Maya Misikir, journaliste indépendante présente dans divers médias internationaux et intervenante régulière à la Conférence annuelle du journalisme d’investigation africain (AIJC), reconnaît également que « le paysage médiatique polarisé entrave le travail journalistique de base, sans parler du reportage d’investigation ».

Mais pour contrer cette tendance, explique Misikir, des organisations de formation au journalisme dotées de bureaux locaux, comme UNE FOIS et IMSbien qu’ils ne soient plus présents sur le terrain. En outre, elle affirme que des événements régionaux et internationaux tels que la Conférence africaine sur le journalisme d’investigation (AIJC) et la Conférence mondiale sur le journalisme d’investigation (GIJC) peuvent commencer à former la prochaine génération d’enquêteurs. (Dans le cadre de cette sensibilisation, GIJN a traduit certaines de ses ressources en amhariquela langue officielle de l’Éthiopie.)

Selon elle, ces forums permettent un partage de connaissances crucial et même des collaborations transfrontalières entre journalistes de la région et du monde entier. Ils ont joué un rôle essentiel dans le soutien et la relance du journalisme d’investigation en Éthiopie, malgré les nombreux défis auxquels il est confronté. Et elle ajoute : « Il y a des lueurs d’espoir. »

Par exemple, elle note une enquête récente et détaillée menée par Le journalistequi a creusé dans Activités d’extraction d’or illicites dans la région du Tigré, déchirée par la guerreLe rapport s’est concentré sur la destination de l’or de contrebande, principalement les Émirats arabes unis, en établissant un parallèle entre les sites miniers du Tigré et les tristement célèbres sites de diamants du sang du Congo. Cette comparaison a souligné la présence de militants armés et le contrôle qu’exerceraient les responsables militaires sur ces opérations minières.

Elle reconnaît néanmoins que certains problèmes structurels continuent de faire obstacle au journalisme de surveillance, qu’il s’agisse d’un public très partisan qui rejette rapidement les reportages critiques, d’un gouvernement opaque qui refuse de publier des données et des statistiques clés ou des coûts supplémentaires associés aux reportages à long terme. À titre personnel, elle cite une enquête en cours sur laquelle elle travaille depuis six mois avec plusieurs collègues. Ils n’ont cependant pas encore publié le rapport, en raison d’un manque frustrant d’accès à l’information et du manque de réactivité des informateurs potentiels qui craignent des répercussions.

Aller de l’avant

Il est clair que la polarisation du paysage médiatique en Éthiopie a placé la profession – et le journalisme d’investigation en particulier – dans une position très difficile. Malgré cela, certains professionnels s’efforcent de maintenir l’intégrité et l’équilibre dans leur travail. Les événements internationaux et les formations au journalisme d’investigation fournissent à ces journalistes de nouvelles techniques, qu’ils tentent de mettre en œuvre malgré l’environnement hostile.

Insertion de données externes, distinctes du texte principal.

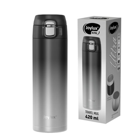 Термокружка 420 мл JOYLUX (ДЖОЙЛЮКС ULTRA GRADIENT, нержавеющая сталь SUS304, черный/серый, 700274
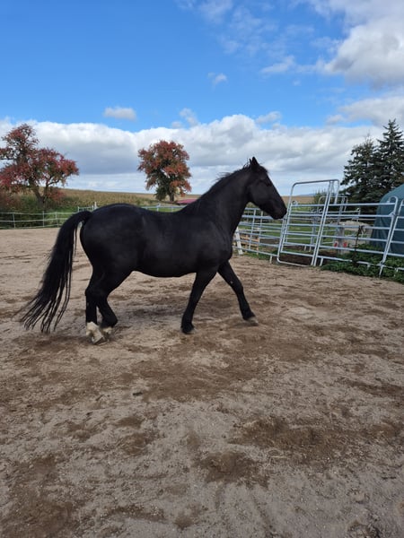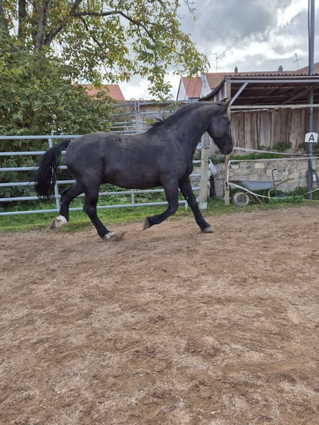 Hallo leider muss ich mich schweren Herzens aus persönlichen Gründen von meinem tollen Friesen mix Wallach trennen. Er ist ca 170cm groß und 11 Jahre alt. Er wurde von mir schonend am Boden und im Sattel ausgebildet. Am Boden liebt er zirzensik. Ich bin als er noch jung war viel mit ihm spazieren gewesen und habe viel bodenarbeit gemacht unter anderen, zirzensik, longieren, Freispringen( nicht seine lieblings Disziplin), equikinetik, Schrecktraining, kleine Trails und hängertraining. Auch war ich schon bei auswärtstraining mit ihm. Seitdem weiß er leider wenn man ihn wegfahren möchte, dann steigt er sehr ungern in den hänger. Beim verladetraining ist das einladen kein Problem. Unter dem Sattel bin ich ihn nur Schritt und Trapp auf dem Platz geritten da kann er aber auch schon vieles. Zb. Konterschulterhein, Schulterherein und Travers. In der Herde ist er sehr rangniedrig sodass er viel von den anderen herumgeschickt wird. Deswegen steht er bei mir in einer sehr großzügigen Paddockbox mit Weidegang. Dies wünsche ich mir für ihn auch weiterhin, dass er nicht in einen Offenstall muss wo er nur weggeschickt wird. Er ist ein kleiner quatschkopf und für alles zu haben, wenn er in seiner komfortzone bleiben darf. Versucht man ihn aus dieser herauszuholen wird er ängstlich und weiß sich durchzusetzen oder auch mal davon zu rennen. Deswegen nur an erfahrene, durchsetzungsfähige pferdeleute zu verkaufen. Hat man ihn auf seiner Seite und befindet man sich in einer komfortzone so ist er das liebste Pferd. Leider komme ich auf grund von zeitmangel nicht dazu ihn weiter auszubilden und deswegen steht er schon sehr lange. Ein probereiten ist nach Absprache möglich, da kann auch das verlassen der komfortzone genauer gezeigt werden. Für ein probereiten werden 40 Euro verlangt die beim Kauf verrechnet werden. Er war immer gesund und hat einen sehr starken Körperbau. Er läuft barhuf hat sehr feste Hufe und ist regelmäßig beim hufschmied Er ist regelmäßig Tetanus geimpft und auch entwurmt worden. Kommt aus den Niederlanden und hat keinen abstammungsnachweis. Bei weiteren Fragen gerne melden.

Cependant, les journalistes craignent toujours d’être injustement catalogués en fonction de leur appartenance ethnique ou religieuse, ce qui les dissuade de s’engager dans le journalisme d’investigation. Le gouvernement exacerbe cette polarisation.

La renaissance et la valorisation du journalisme d’investigation en Éthiopie nécessiteront des investissements considérables et des interventions multidimensionnelles. Une éducation plus rigoureuse, des efforts plus importants pour enrayer la polarisation et une formation intensive à l’éducation aux médias – sur le lieu de travail et en dehors – sont essentiels pour créer les conditions d’une amélioration de la liberté de la presse et de la reddition de comptes. Pour un pays qui jouera un rôle déterminant dans l’avenir du continent, il est essentiel que le journalisme d’investigation survive.


Photo de Kelly via Pexels.

Cette histoire était publié à l’origine sur GINE et republié sur IJNet avec permission.